> DATA FOR THIS TASK
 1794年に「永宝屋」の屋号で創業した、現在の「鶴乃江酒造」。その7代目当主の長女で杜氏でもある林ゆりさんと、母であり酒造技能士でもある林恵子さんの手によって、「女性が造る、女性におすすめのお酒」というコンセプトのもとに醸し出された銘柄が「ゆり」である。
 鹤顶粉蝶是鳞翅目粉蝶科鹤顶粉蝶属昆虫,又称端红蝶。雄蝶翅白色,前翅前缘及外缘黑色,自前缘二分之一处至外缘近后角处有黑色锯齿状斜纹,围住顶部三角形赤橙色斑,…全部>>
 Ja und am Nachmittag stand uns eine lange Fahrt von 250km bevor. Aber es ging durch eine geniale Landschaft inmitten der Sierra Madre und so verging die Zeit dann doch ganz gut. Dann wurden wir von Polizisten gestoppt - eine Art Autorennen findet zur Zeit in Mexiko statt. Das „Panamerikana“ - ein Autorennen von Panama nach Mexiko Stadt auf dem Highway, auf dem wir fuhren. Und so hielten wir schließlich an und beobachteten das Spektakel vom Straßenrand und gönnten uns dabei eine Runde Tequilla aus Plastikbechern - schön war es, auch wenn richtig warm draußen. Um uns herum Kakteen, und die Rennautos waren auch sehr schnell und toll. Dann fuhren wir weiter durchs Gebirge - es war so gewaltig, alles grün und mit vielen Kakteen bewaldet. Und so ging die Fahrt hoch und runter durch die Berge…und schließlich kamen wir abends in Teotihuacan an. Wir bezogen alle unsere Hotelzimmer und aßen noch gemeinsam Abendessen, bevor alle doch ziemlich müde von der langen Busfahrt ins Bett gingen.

---

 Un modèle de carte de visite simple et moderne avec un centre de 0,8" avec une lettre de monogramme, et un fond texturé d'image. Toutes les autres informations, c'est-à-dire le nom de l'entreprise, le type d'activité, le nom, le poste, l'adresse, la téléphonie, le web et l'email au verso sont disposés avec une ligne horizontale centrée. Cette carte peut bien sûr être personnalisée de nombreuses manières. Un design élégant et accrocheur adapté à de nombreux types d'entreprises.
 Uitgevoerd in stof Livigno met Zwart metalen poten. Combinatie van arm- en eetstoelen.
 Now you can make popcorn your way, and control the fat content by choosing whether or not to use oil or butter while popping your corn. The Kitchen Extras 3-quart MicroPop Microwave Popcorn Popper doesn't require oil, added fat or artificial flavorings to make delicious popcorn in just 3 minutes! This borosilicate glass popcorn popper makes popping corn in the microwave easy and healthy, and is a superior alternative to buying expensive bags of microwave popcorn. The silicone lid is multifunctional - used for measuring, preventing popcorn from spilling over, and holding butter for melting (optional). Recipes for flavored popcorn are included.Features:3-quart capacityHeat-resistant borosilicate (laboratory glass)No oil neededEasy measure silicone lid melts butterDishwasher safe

> TASK ITEM
Extract exactly and only the lines above from the line containing "Un modèle de" through the line containing "Now you can", both end lines included.

> RESPONSE BELOW
 Un modèle de carte de visite simple et moderne avec un centre de 0,8" avec une lettre de monogramme, et un fond texturé d'image. Toutes les autres informations, c'est-à-dire le nom de l'entreprise, le type d'activité, le nom, le poste, l'adresse, la téléphonie, le web et l'email au verso sont disposés avec une ligne horizontale centrée. Cette carte peut bien sûr être personnalisée de nombreuses manières. Un design élégant et accrocheur adapté à de nombreux types d'entreprises.
 Uitgevoerd in stof Livigno met Zwart metalen poten. Combinatie van arm- en eetstoelen.
 Now you can make popcorn your way, and control the fat content by choosing whether or not to use oil or butter while popping your corn. The Kitchen Extras 3-quart MicroPop Microwave Popcorn Popper doesn't require oil, added fat or artificial flavorings to make delicious popcorn in just 3 minutes! This borosilicate glass popcorn popper makes popping corn in the microwave easy and healthy, and is a superior alternative to buying expensive bags of microwave popcorn. The silicone lid is multifunctional - used for measuring, preventing popcorn from spilling over, and holding butter for melting (optional). Recipes for flavored popcorn are included.Features:3-quart capacityHeat-resistant borosilicate (laboratory glass)No oil neededEasy measure silicone lid melts butterDishwasher safe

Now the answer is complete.